Supplied information:
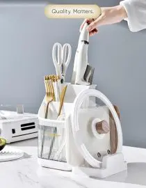 Gak perlu bingung, solusinya dengan rak panci ini, bisa di tempel di dinding atua bahkan taruh di lantai dekat westafel.
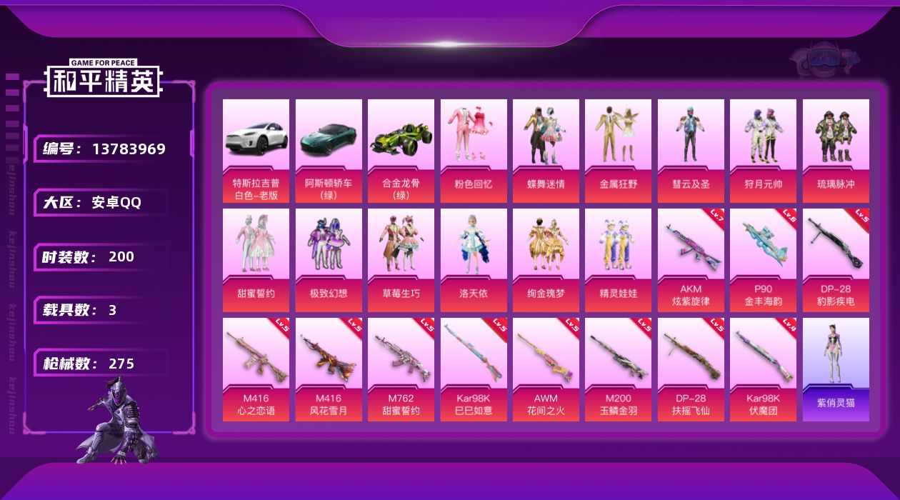 [13783969]【1556】安卓 手Q-12粉装-11特效枪-3载具-3粉色飞行器-99556热力值-21王牌印记-200套装-275枪皮 【热门品类】:角色-军刀雅典娜,旭日初心兜帽大衣,套装-龟仙人,套装-浪漫波比,套装-粉红小猪 【粉色载具】:特斯拉Model X(珍珠白),阿斯顿马丁DBS(绿),合金龙骨(绿),空客H135-蔚蓝之翼 【粉色套装】:粉装-粉色回忆,粉装-蝶舞迷情,粉装-金属狂野,粉装-彗云及圣,粉装-狩月元帅,粉装-琉璃脉冲,粉装-甜蜜誓约,粉装-极致幻想,粉装-草莓生巧,角色-洛天依,粉装-绚金瑰梦,粉装-精灵娃娃 【粉色枪皮等级】:AKM-炫紫旋律(七级),M416-心之恋语(五级),M416-风花雪月(五级),M762-甜蜜誓约(五级),P90-金丰海韵(六级),Kar98K-伏魔团(四级),Kar98K-巳巳如意(五级),AWM-花间之火(五级),M200-玉鳞金羽(五级),DP-28-扶摇飞仙(五级),DP-28-豹影疾电(五级) 【粉色枪皮】:AKM-炫紫旋律,M416-心之恋语,M416-风花雪月,M762-甜蜜誓约,P90-金丰海韵,Kar98K-伏魔团,Kar98K-巳巳如意,AWM-花间之火,M200-玉鳞金羽,DP-28-扶摇飞仙,DP-28-豹影疾电 【粉色飞行器】:古堡领主飞行器,伏魔团飞行器,心之恋语飞行翼 【粉色降落伞】:甜心宝贝降落伞,炫紫旋律降落伞,神秘黑猫降落伞,古堡领主降落伞,甜蜜誓约降落伞,四圣焕新降落伞,心之恋语降落伞,扶摇飞仙降落伞,马卡龙降落伞,洛神天依降落伞,甜心娃娃降落伞,暗星紫秘降落伞,天之羽翼降落伞,星夜魔法师降落伞,旋转彩虹降落伞,青空秋雨降落伞,沙丘之主降落伞,精灵梦叶罗丽降落伞,喜羊羊与灰太狼降落伞 【稀有套装】:套装-龟仙人,套装-巳巳如意,套装-雏菊兔兔,套装-萝兰蝴蝶,套装-小熊娃娃,套装-糖糖葫芦,套装-青团波波,套装-棉花软糖,角色-俏兔智灵,套装-燕燕于飞,套装-鱼渊荷华,玩偶服-懒羊羊,角色-紫俏灵猫 【稀有枪皮】:AKM-四圣焕新,AKM-夜灯,AKM-彩虹符号,AKM-江南烟雨,AKM-灼热熔岩,AKM-玉龙,AKM-虎虎生威,AKM-霓虹街区,AKM-龙的传人,M16A4-夜灯,M16A4-幻世战舞者,M16A4-机械英豪,M16A4-甜心亚梦,SCAR-L-扶摇飞仙,SCA
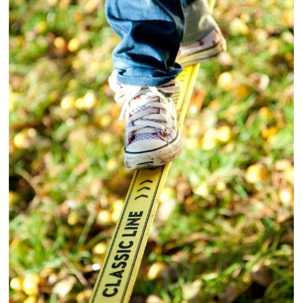 Slackline Classic 15 meter er en robust og fleksibel line som kan balanseres på både utendørs og innendørs. Morsom for både nybegynnere og viderekommene. Slackline kan brukes på skolen, på fritiden, av idrettslag og ungdomsklubber. Slackline skal kun festes til trær med en omkrets mellom

What to produce:
Drop the pictures; repeat the listing above exactly.

Answer to the problem:
 Gak perlu bingung, solusinya dengan rak panci ini, bisa di tempel di dinding atua bahkan taruh di lantai dekat westafel.
 [13783969]【1556】安卓 手Q-12粉装-11特效枪-3载具-3粉色飞行器-99556热力值-21王牌印记-200套装-275枪皮 【热门品类】:角色-军刀雅典娜,旭日初心兜帽大衣,套装-龟仙人,套装-浪漫波比,套装-粉红小猪 【粉色载具】:特斯拉Model X(珍珠白),阿斯顿马丁DBS(绿),合金龙骨(绿),空客H135-蔚蓝之翼 【粉色套装】:粉装-粉色回忆,粉装-蝶舞迷情,粉装-金属狂野,粉装-彗云及圣,粉装-狩月元帅,粉装-琉璃脉冲,粉装-甜蜜誓约,粉装-极致幻想,粉装-草莓生巧,角色-洛天依,粉装-绚金瑰梦,粉装-精灵娃娃 【粉色枪皮等级】:AKM-炫紫旋律(七级),M416-心之恋语(五级),M416-风花雪月(五级),M762-甜蜜誓约(五级),P90-金丰海韵(六级),Kar98K-伏魔团(四级),Kar98K-巳巳如意(五级),AWM-花间之火(五级),M200-玉鳞金羽(五级),DP-28-扶摇飞仙(五级),DP-28-豹影疾电(五级) 【粉色枪皮】:AKM-炫紫旋律,M416-心之恋语,M416-风花雪月,M762-甜蜜誓约,P90-金丰海韵,Kar98K-伏魔团,Kar98K-巳巳如意,AWM-花间之火,M200-玉鳞金羽,DP-28-扶摇飞仙,DP-28-豹影疾电 【粉色飞行器】:古堡领主飞行器,伏魔团飞行器,心之恋语飞行翼 【粉色降落伞】:甜心宝贝降落伞,炫紫旋律降落伞,神秘黑猫降落伞,古堡领主降落伞,甜蜜誓约降落伞,四圣焕新降落伞,心之恋语降落伞,扶摇飞仙降落伞,马卡龙降落伞,洛神天依降落伞,甜心娃娃降落伞,暗星紫秘降落伞,天之羽翼降落伞,星夜魔法师降落伞,旋转彩虹降落伞,青空秋雨降落伞,沙丘之主降落伞,精灵梦叶罗丽降落伞,喜羊羊与灰太狼降落伞 【稀有套装】:套装-龟仙人,套装-巳巳如意,套装-雏菊兔兔,套装-萝兰蝴蝶,套装-小熊娃娃,套装-糖糖葫芦,套装-青团波波,套装-棉花软糖,角色-俏兔智灵,套装-燕燕于飞,套装-鱼渊荷华,玩偶服-懒羊羊,角色-紫俏灵猫 【稀有枪皮】:AKM-四圣焕新,AKM-夜灯,AKM-彩虹符号,AKM-江南烟雨,AKM-灼热熔岩,AKM-玉龙,AKM-虎虎生威,AKM-霓虹街区,AKM-龙的传人,M16A4-夜灯,M16A4-幻世战舞者,M16A4-机械英豪,M16A4-甜心亚梦,SCAR-L-扶摇飞仙,SCA
 Slackline Classic 15 meter er en robust og fleksibel line som kan balanseres på både utendørs og innendørs. Morsom for både nybegynnere og viderekommene. Slackline kan brukes på skolen, på fritiden, av idrettslag og ungdomsklubber. Slackline skal kun festes til trær med en omkrets mellom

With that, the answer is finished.